● **WORK ORDER**
Work through the listing below and give again exactly the lines from the one with "Numa carta manuscrita" to the one with "レディースL(w29) 表記サイズ: 不明", both ends included. All other lines and all pictures stay out.

● **PROVIDED MATERIAL**
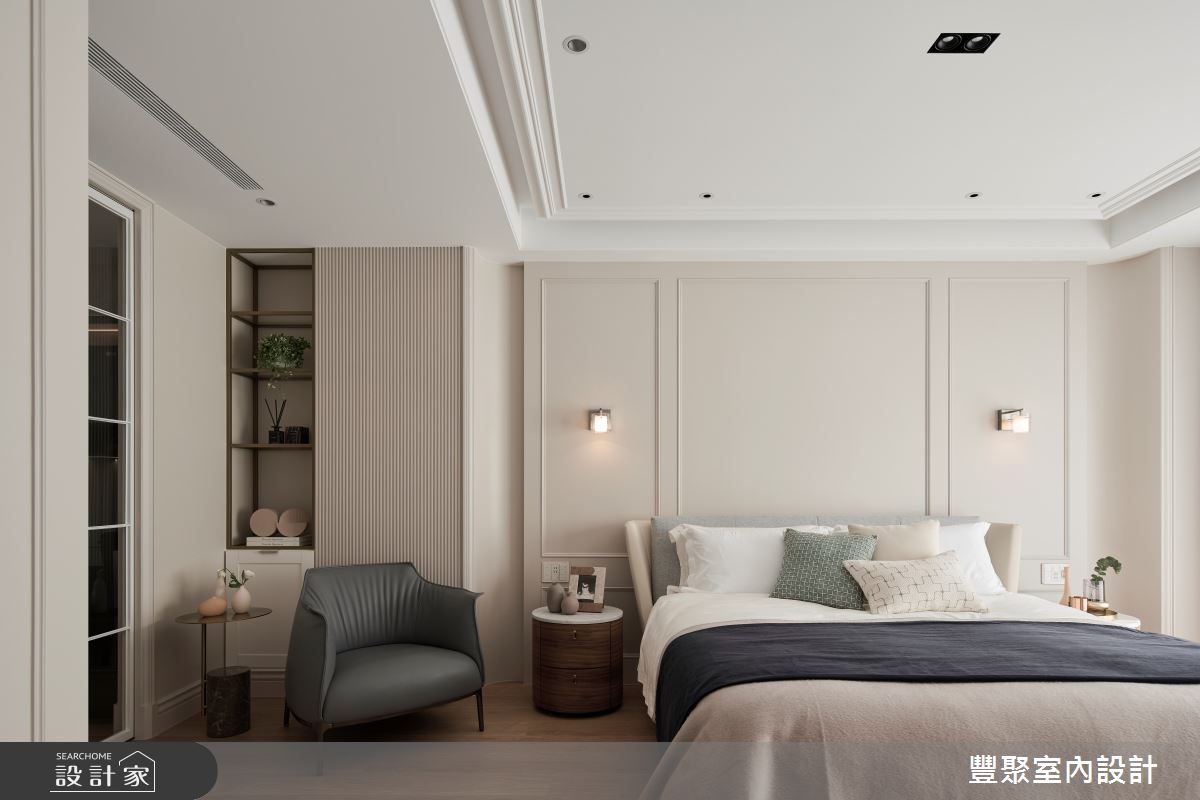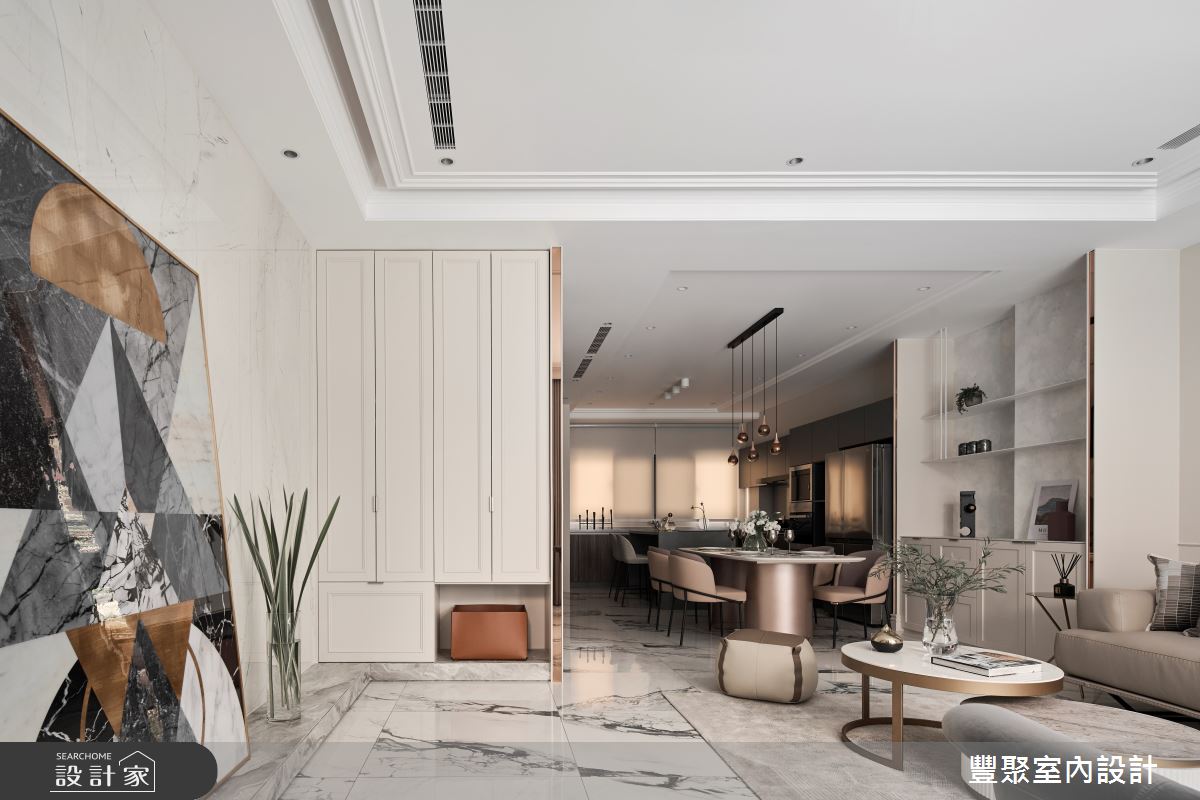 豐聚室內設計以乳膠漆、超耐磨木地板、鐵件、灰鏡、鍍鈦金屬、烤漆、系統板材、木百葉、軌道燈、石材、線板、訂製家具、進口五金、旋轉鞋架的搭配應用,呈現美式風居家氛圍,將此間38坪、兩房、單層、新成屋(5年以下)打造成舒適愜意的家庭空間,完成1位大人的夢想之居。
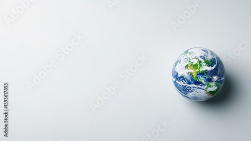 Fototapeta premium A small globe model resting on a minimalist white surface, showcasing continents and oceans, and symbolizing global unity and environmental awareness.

--

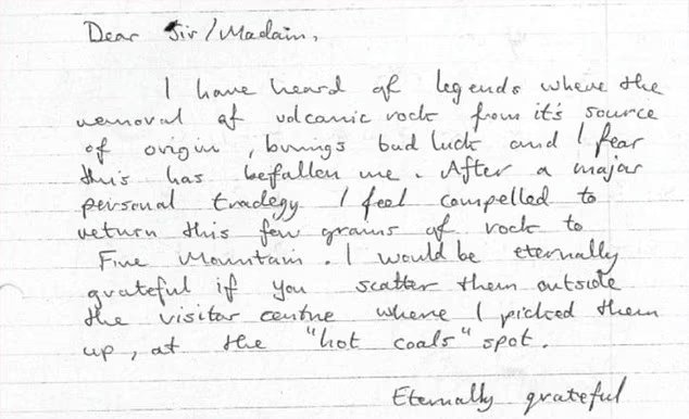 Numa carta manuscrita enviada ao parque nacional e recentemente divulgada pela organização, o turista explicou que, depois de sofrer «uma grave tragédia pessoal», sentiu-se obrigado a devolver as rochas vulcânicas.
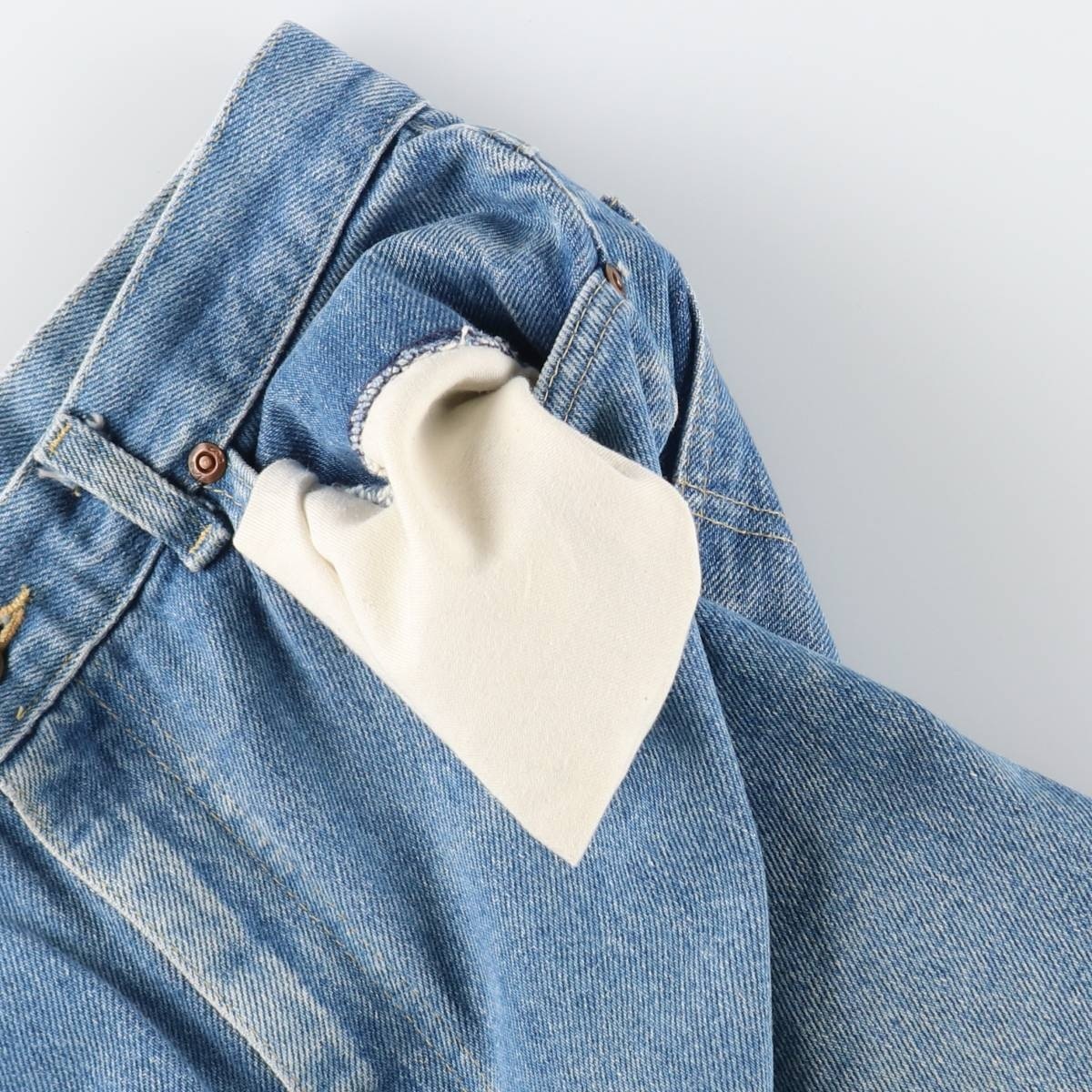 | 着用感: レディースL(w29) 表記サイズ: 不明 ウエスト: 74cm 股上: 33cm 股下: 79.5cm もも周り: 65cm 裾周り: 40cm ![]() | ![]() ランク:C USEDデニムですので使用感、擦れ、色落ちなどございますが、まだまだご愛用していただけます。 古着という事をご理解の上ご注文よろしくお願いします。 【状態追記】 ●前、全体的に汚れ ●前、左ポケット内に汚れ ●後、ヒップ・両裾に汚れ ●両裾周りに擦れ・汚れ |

● **TASK RESULT**
 Numa carta manuscrita enviada ao parque nacional e recentemente divulgada pela organização, o turista explicou que, depois de sofrer «uma grave tragédia pessoal», sentiu-se obrigado a devolver as rochas vulcânicas.
 | 着用感: レディースL(w29) 表記サイズ: 不明 ウエスト: 74cm 股上: 33cm 股下: 79.5cm もも周り: 65cm 裾周り: 40cm ![]() | ![]() ランク:C USEDデニムですので使用感、擦れ、色落ちなどございますが、まだまだご愛用していただけます。 古着という事をご理解の上ご注文よろしくお願いします。 【状態追記】 ●前、全体的に汚れ ●前、左ポケット内に汚れ ●後、ヒップ・両裾に汚れ ●両裾周りに擦れ・汚れ |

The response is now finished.